## Your objective:
Write out again, word for word, the lines below from the line that holds "تحت رعاية الأستاذ" through the line that holds "教工第一党支部书记周建华、金", omitting pictures.

## Material shown:
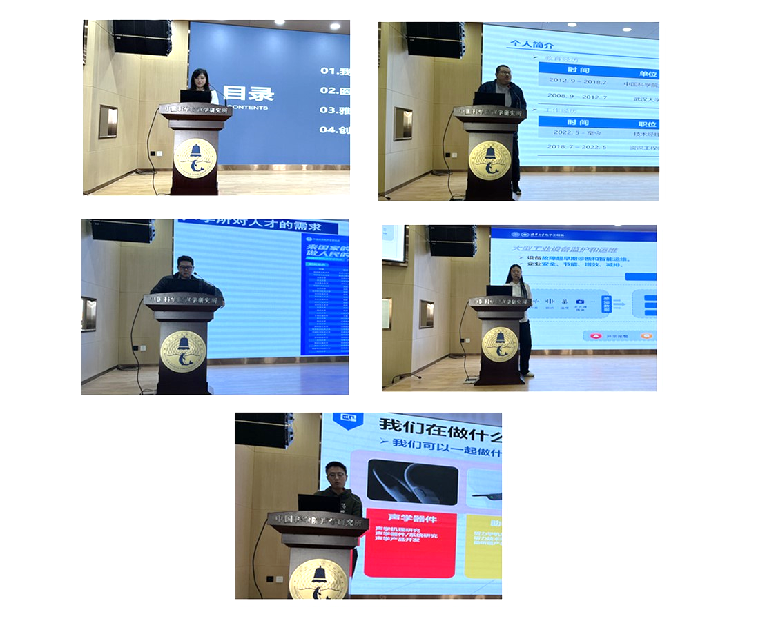 2008届毕业生李小雪、2014届毕业生牛海强、2018届毕业生吴晓潭、2019届毕业生石桂欣和2022届毕业生梁家宁分别做了“基于场景的医疗器械创新”、“关于职业发展的一点建议和分享”、“语音AI技术产业化趋势及思考”、“高校及事业单位工作心得体会”和“音为有你,音而不凡”的报告,并带来了工作单位的职位需求。
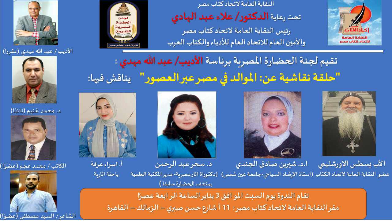 تحت رعاية الأستاذ الدكتور علاء عبدالهادى رئيس النقابة العامة لاتحاد كتاب مصر ، الأمين العام للاتحاد العام للكتاب والأدباء العرب تقيم لجنة الحضارة المصرية القديمة بالنقابة العامة لاتحاد كتاب مصر ، حلقة نقاشية تكت عنوان ( الموالد في مصر عبر العصور ) احتفالا بقدوم عيد الميلاد المجيد ، وذلك يوم السبت الموافق ٣ من يناير ٢٠٢٦ م ، الساعة الرابعة عصرا بمقر النقابة العامة لاتحاد كتاب مصر ، يشارك فيها كل من
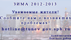 Уважаемые жители!Если Вы видите, что дома и улицы Вашего микрорайона можно и нужноочистить от снега и наледи, сообщите об этом на горячую линию главыадминистрации Невского района Санкт-Петербурга С.А. Ситдикова поадресу: hotline@tunev.gov.spb.ru.Кроме ...
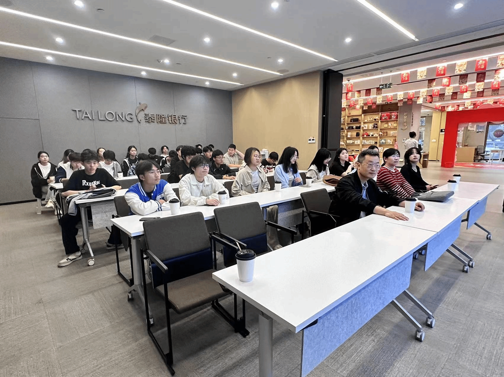 教工第一党支部书记周建华、金融工程系主任林德根和王芳芳老师的带领下,来到了泰隆银行龙湾支行进行实地参观学习。此次活动旨在让学生们更直观地了解银行业务运作,感受老王论坛,提升专业素养。
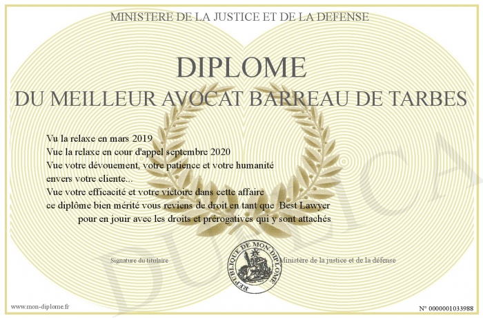 Envoyez par email votre Diplôme du meilleur Avocat barreau de Tarbes personalisé
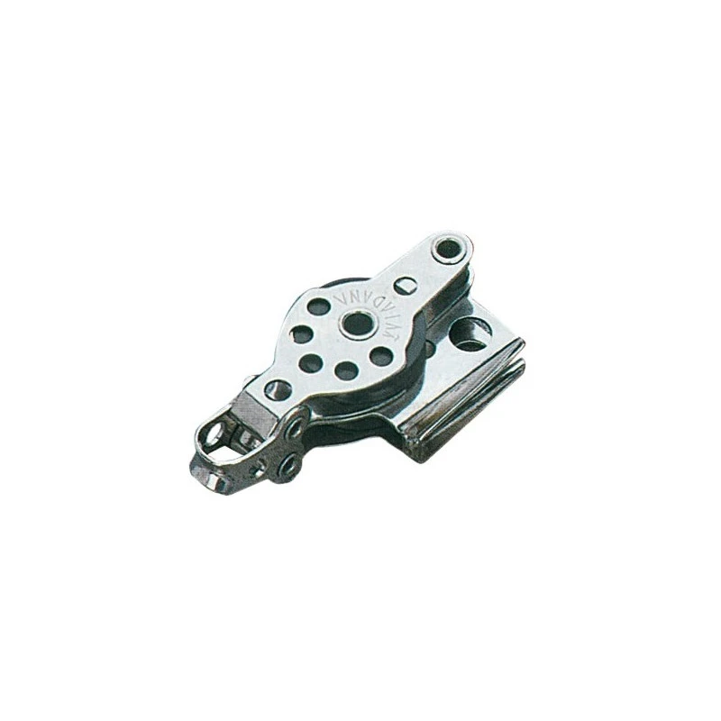 Accastillage de qualité pour voilier, la poulie inox avec coinceur est idéale pour palan de diamètre 6 mm en dériveur ou en voilier de petite taille.
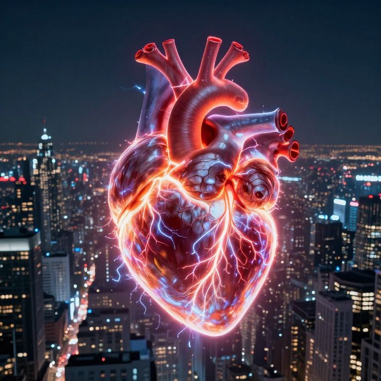Glowing, neon-lit human heart with electric blue and red lights hovers over a cityscape of illuminated skyscrapers at night. Digital
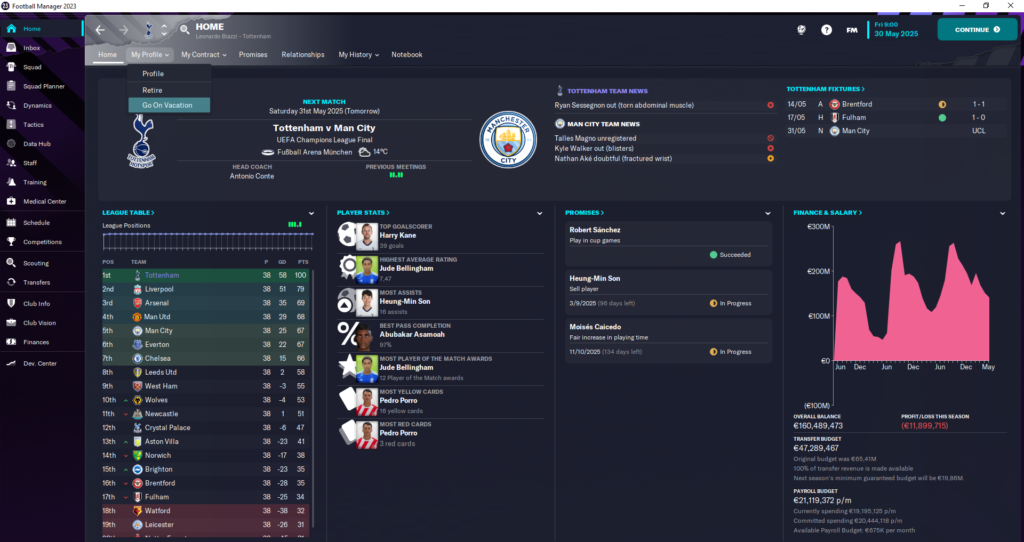 It’s easy to go on vacation in FM23. All you have to do is click “Home” on the left side of your FM23 screen, then move the mouse arrow over “My Profile” and select “Go on Vacation”. Clicking this option will prompt the screen below.
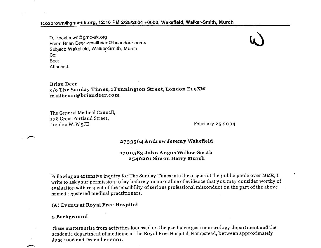 25. You also assert “The definitive reference to AW [Andrew Wakefield] is Brian Deer’s in depth investigation [of the Lancet paper]" But there are many serious problems with Deer’s articles.
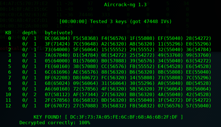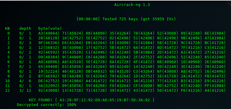 With just over 70k #Data packets captured, we’re able to crack the key:
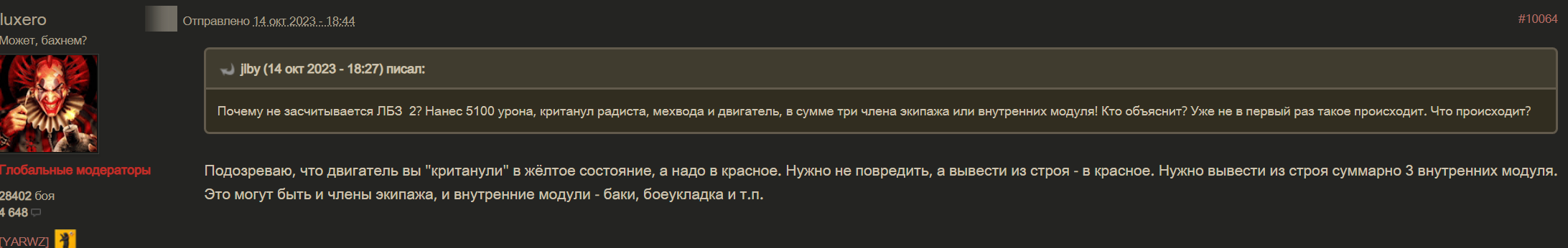 >>50179666 > с любовью прокачиваю модули и экипаж, делаю ЛБЗ ради челленджа, пробую интересные игровые механики и не жужжу. Тут пережирнил, про модули и экипаж лучше было пропустить.
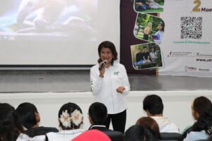 La rectora Mirna Toxqui Oliver encabezó la bienvenida oficial a las y los aspirantes. En su mensaje, destacó la importancia de elegir una institución con calidad académica acreditada y visión de crecimiento. “La formación profesional requiere un entorno que impulse el desarrollo integral de las personas y de su comunidad”, señaló.
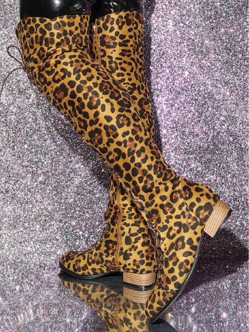 Botas Femininas Com Estampa Leopardo Na Coxa E Salto Alto Em Tecido Elástico
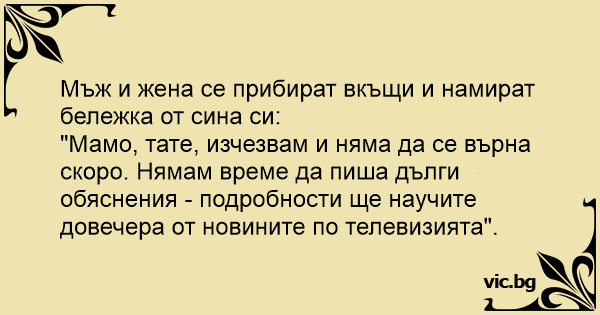 "Мамо, тате, изчезвам и няма да се върна скоро. Нямам време да пиша дълги обяснения - подробности ще научите довечера от новините по телевизията".
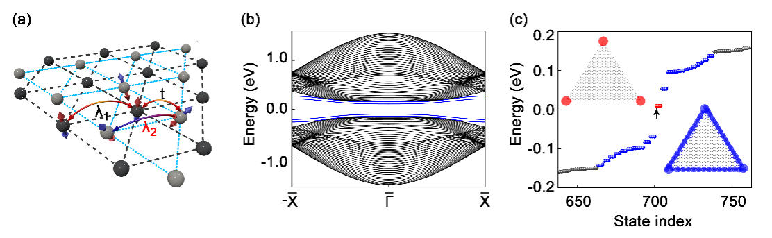 1:最小晶格模型预测。(a)双层三角晶格的耦合机制、(b)一维纳米带能带结构和(c)三角纳米盘的能量本征谱。
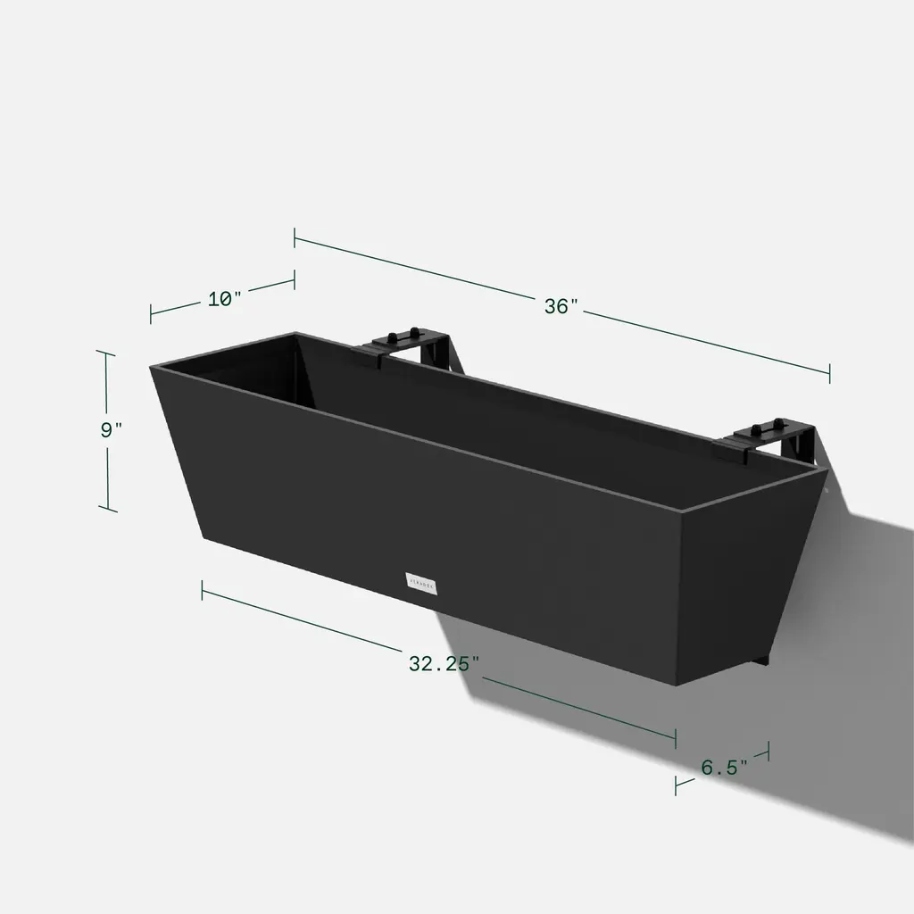 Pure Series Railing Window Box Planter - 36 Inch - 2 Pack - Black
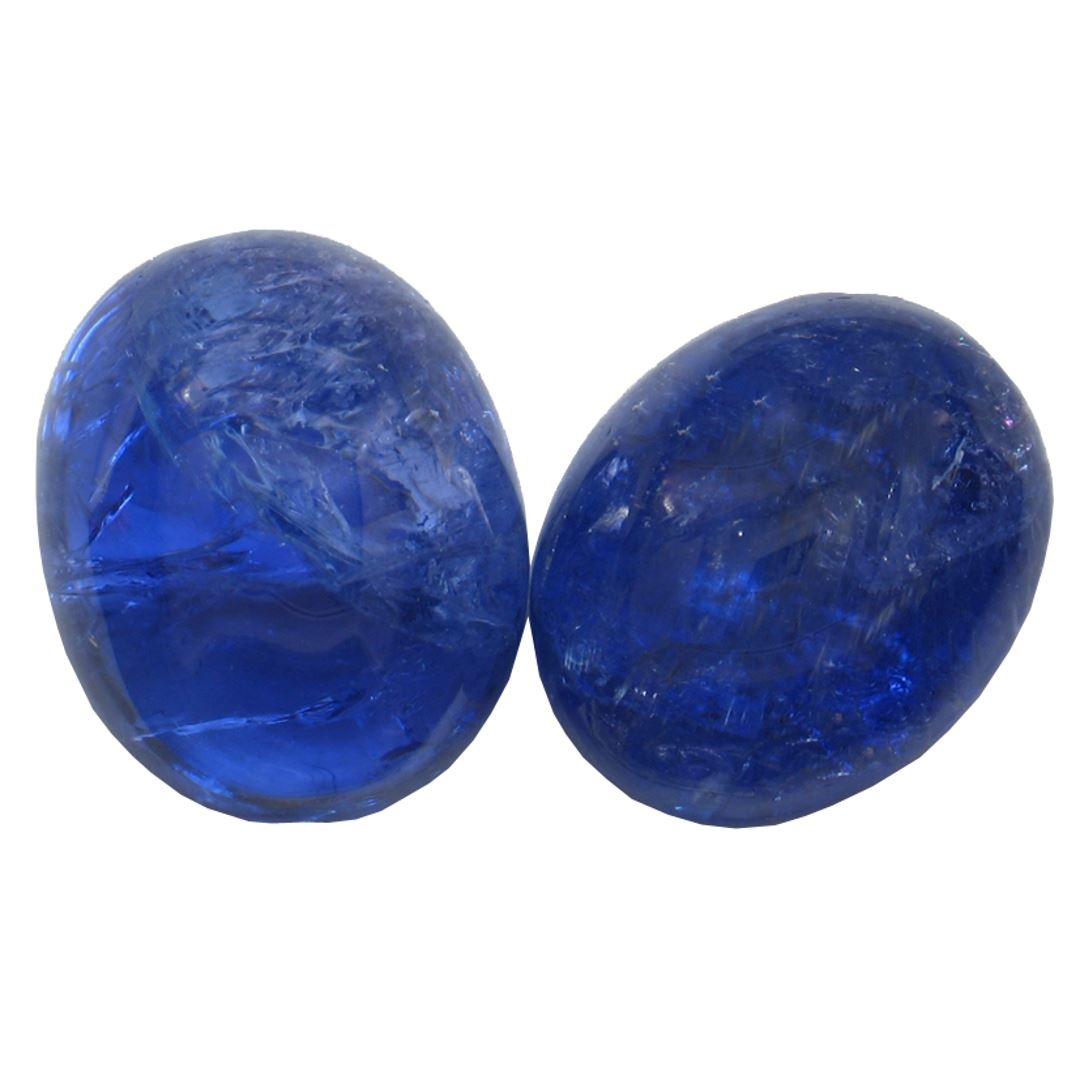 Two oval cabochon cut natural tanzanites, measuring 11.50 x 9.00 x 6.00mm, exact total weight 10.61ct., clarity is heavily included, type I, dark, moderately strong, violetish blue color, (GIA vB 7/4), cut is good. Transmitting light somewhat diffusely, transparent to translucent. Naturally occurring internal & external characteristics are present. Measurements & the color grade are an average for the pair. Tanzanite is a very rare gemstone that is only found in the country of Tanzania. Originally discovered in 1967. Tiffany & Company, named the stone Tanzanite. It is found in the Usumburu Mountains that border the Umba Valley of northern Tanzania. Tanzanite occurs in gray, brown, violet, blue, reddish-purple, & green. The gem is interesting because of its exceptional pleochroism. Rotated in different directions a tanzanite will exhibit multiple changes of color. Tanzanite has a low tolerance to ultrasonic cleaning, and should not be cleaned using this method. Westfield Appraised at $1,020.00.

## Result of this task:
 تحت رعاية الأستاذ الدكتور علاء عبدالهادى رئيس النقابة العامة لاتحاد كتاب مصر ، الأمين العام للاتحاد العام للكتاب والأدباء العرب تقيم لجنة الحضارة المصرية القديمة بالنقابة العامة لاتحاد كتاب مصر ، حلقة نقاشية تكت عنوان ( الموالد في مصر عبر العصور ) احتفالا بقدوم عيد الميلاد المجيد ، وذلك يوم السبت الموافق ٣ من يناير ٢٠٢٦ م ، الساعة الرابعة عصرا بمقر النقابة العامة لاتحاد كتاب مصر ، يشارك فيها كل من
 Уважаемые жители!Если Вы видите, что дома и улицы Вашего микрорайона можно и нужноочистить от снега и наледи, сообщите об этом на горячую линию главыадминистрации Невского района Санкт-Петербурга С.А. Ситдикова поадресу: hotline@tunev.gov.spb.ru.Кроме ...
 教工第一党支部书记周建华、金融工程系主任林德根和王芳芳老师的带领下,来到了泰隆银行龙湾支行进行实地参观学习。此次活动旨在让学生们更直观地了解银行业务运作,感受老王论坛,提升专业素养。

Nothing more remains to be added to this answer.